Description of the task :: Exactly as written, retype the listing below, omitting the pictures.

Source material ::

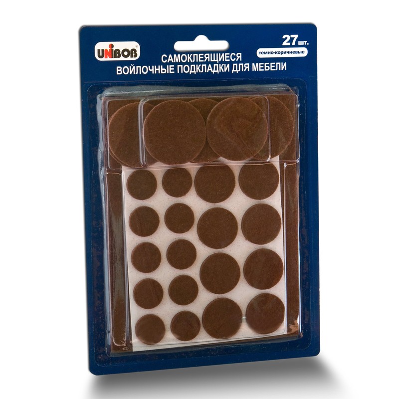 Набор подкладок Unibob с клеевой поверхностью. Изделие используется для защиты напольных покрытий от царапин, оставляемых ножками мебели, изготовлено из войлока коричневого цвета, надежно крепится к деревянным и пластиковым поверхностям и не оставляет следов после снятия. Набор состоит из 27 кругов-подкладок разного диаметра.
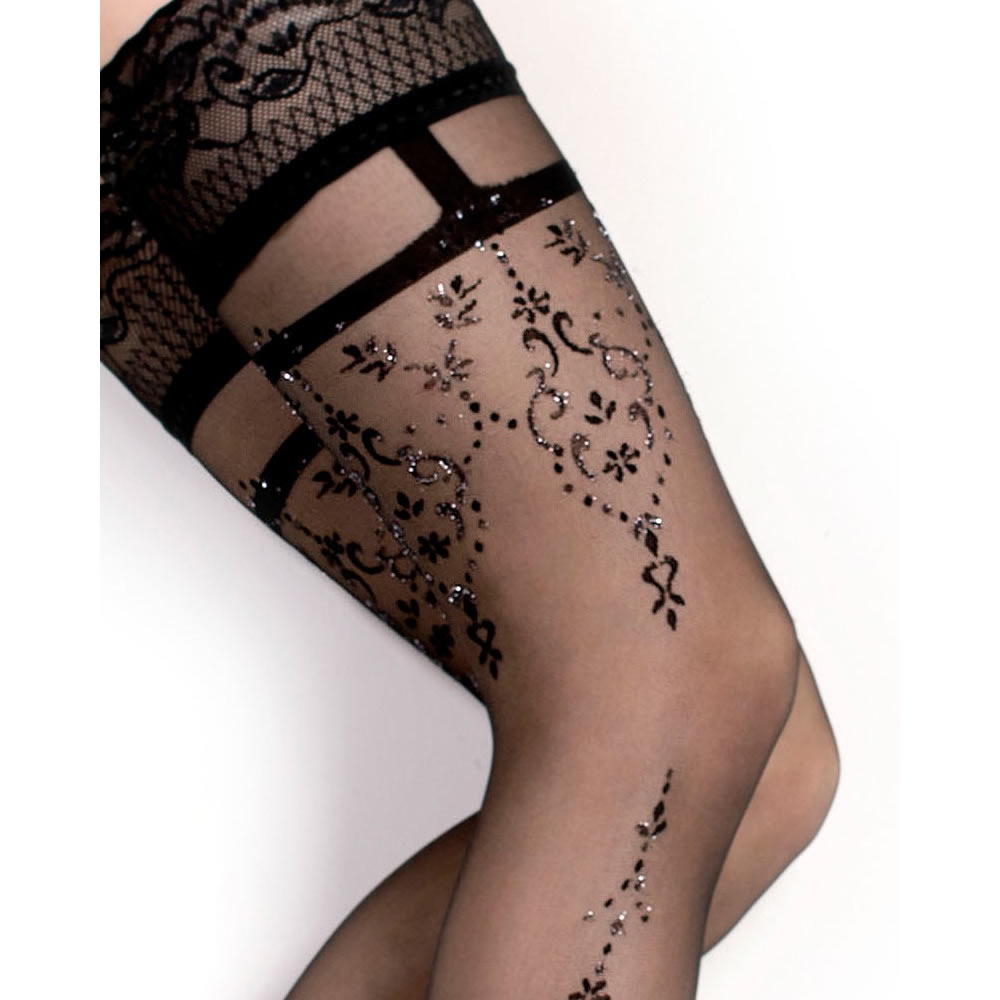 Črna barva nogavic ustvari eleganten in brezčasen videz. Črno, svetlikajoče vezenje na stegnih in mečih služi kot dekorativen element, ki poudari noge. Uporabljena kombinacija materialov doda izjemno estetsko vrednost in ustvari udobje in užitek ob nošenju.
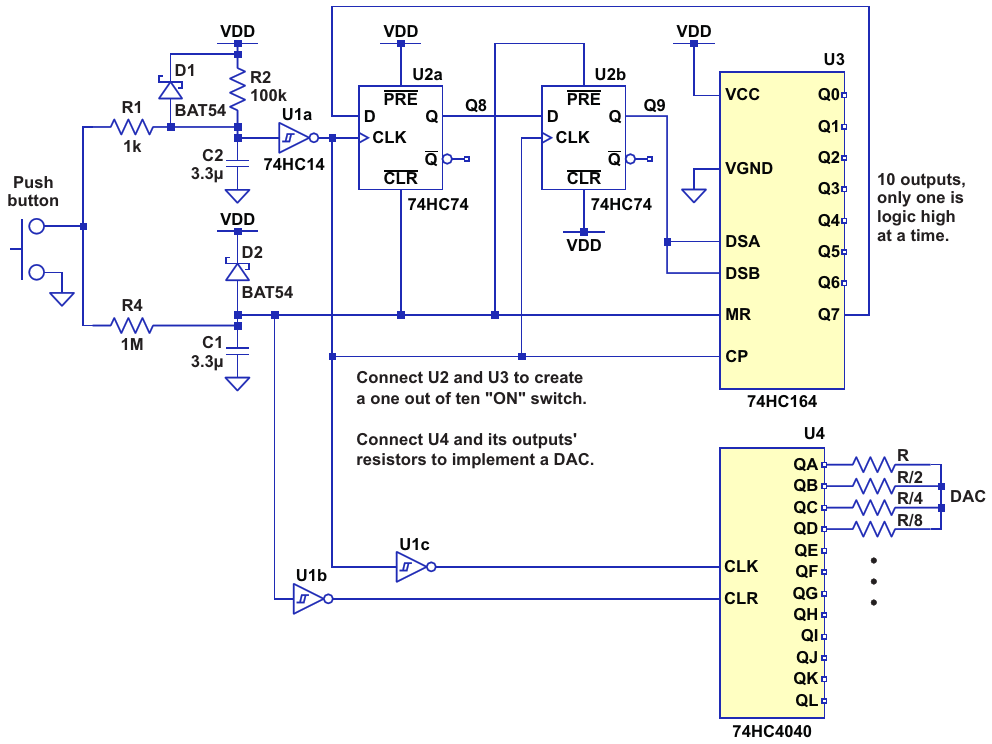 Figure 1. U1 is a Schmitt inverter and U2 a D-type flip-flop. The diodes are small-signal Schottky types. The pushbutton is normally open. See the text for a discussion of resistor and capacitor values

Result of the exercise ::
 Набор подкладок Unibob с клеевой поверхностью. Изделие используется для защиты напольных покрытий от царапин, оставляемых ножками мебели, изготовлено из войлока коричневого цвета, надежно крепится к деревянным и пластиковым поверхностям и не оставляет следов после снятия. Набор состоит из 27 кругов-подкладок разного диаметра.
 Črna barva nogavic ustvari eleganten in brezčasen videz. Črno, svetlikajoče vezenje na stegnih in mečih služi kot dekorativen element, ki poudari noge. Uporabljena kombinacija materialov doda izjemno estetsko vrednost in ustvari udobje in užitek ob nošenju.
 Figure 1. U1 is a Schmitt inverter and U2 a D-type flip-flop. The diodes are small-signal Schottky types. The pushbutton is normally open. See the text for a discussion of resistor and capacitor values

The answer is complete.